Wanting to avoid the crowds, Ugyen and I set off early, and were the second people to arrive, hiking up in record time. It was hard going, but worth it, getting to really feel the place without being jostled out of the tiny temples, and taking time to soak up the peculiar atmosphere. Wandering in and out of the temples, up and down stairs, in and out of the rock, it’s almost as though I am inside some organism or living thing. It is extraordinary to look at, and magical to explore; the stuff of pure fairytale. Myth and legend seeps through every crack in the wood and stone.

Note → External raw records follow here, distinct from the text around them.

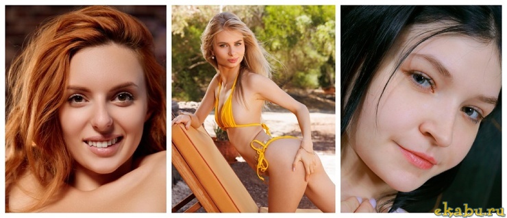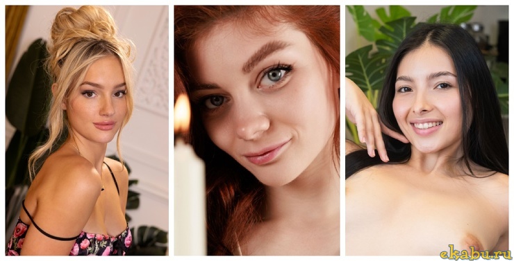 Рыжая красавица раздевается у себя на даче блондинка с сексуальным телом лежит на кровати и тощая брюнетка с сексуально позирует перед камерой на каблуках
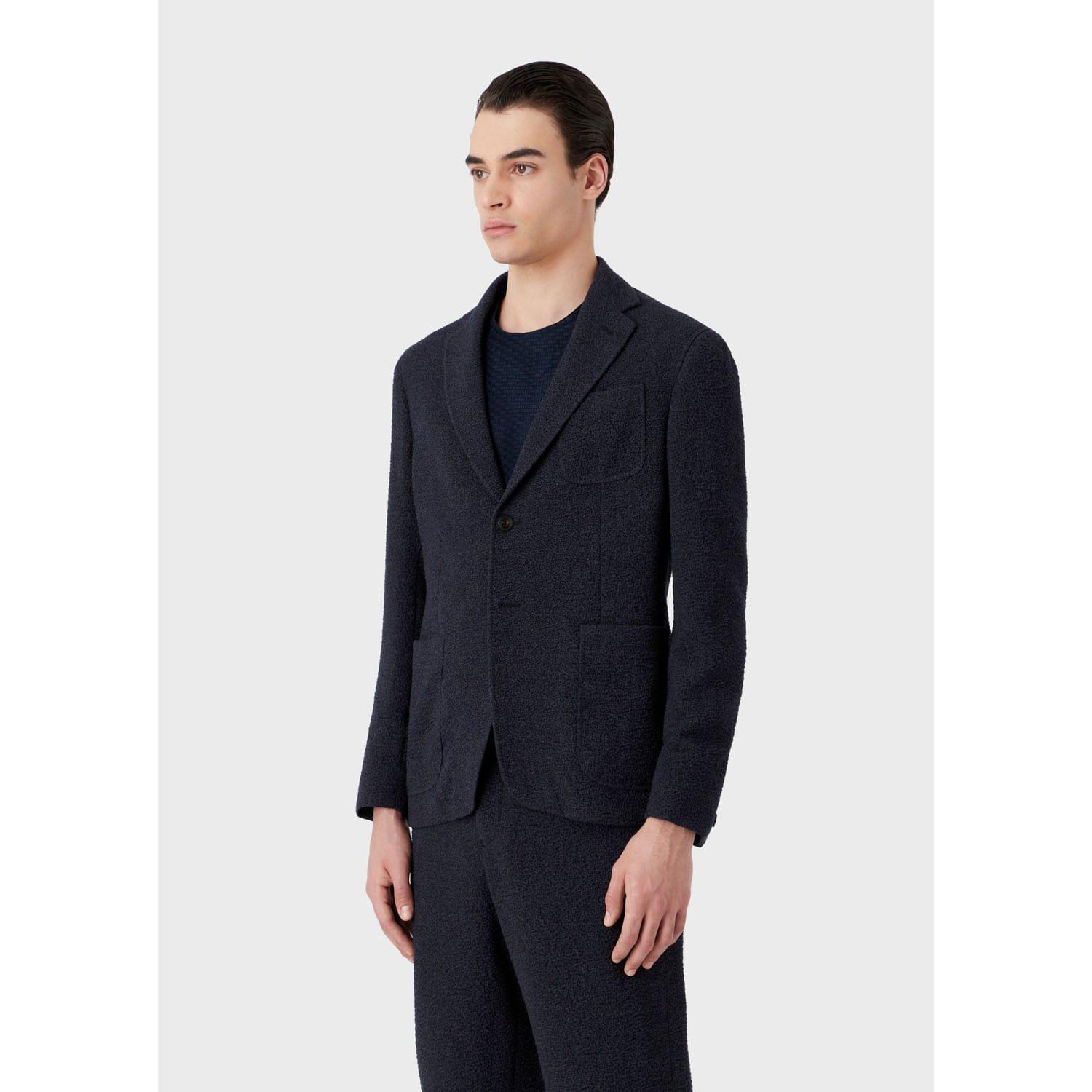 Peaked lapels. Two button closure. Chest pockets. Front pockets. Fully lined.
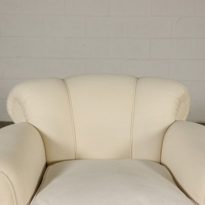 Coppia di poltrone imbottite rette da piedini in noce intagliati.

One hike up here is enough for most people, but having left and descended just as it was starting to get busy, I climbed back, to take pictures in the late afternoon light. It was quiet on the trail, and special again to sit perched on the edge looking across at this magnificent place, waiting for the sun to break from behind a cloud with not a soul to disturb me, just the sound of the birds for company and an occasional distant bell from the monastery as the prayer wheels turned, while dutiful monks incanted prayers and prostrated themselves on the cold timber floors.
Beneath the last building at Tatkshang, through a small crack in the rock, down a tiny, improvised ladder and along a narrow passageway, the butter lamps burn at a small shrine marking the original spot where Guru Rinpoche meditated after flying up the cliff on the back of his consort, transformed into a tigress to carry her master. They say you can see his face etched in rock here. The Tiger’s Nest.
|Tatkshang Goema: The Tiger's Nest|
Proof, if it were needed, that when man believes in the unthinkable he can create the impossible; and that buried deep inside every living thing you will find the seed from which it sprung.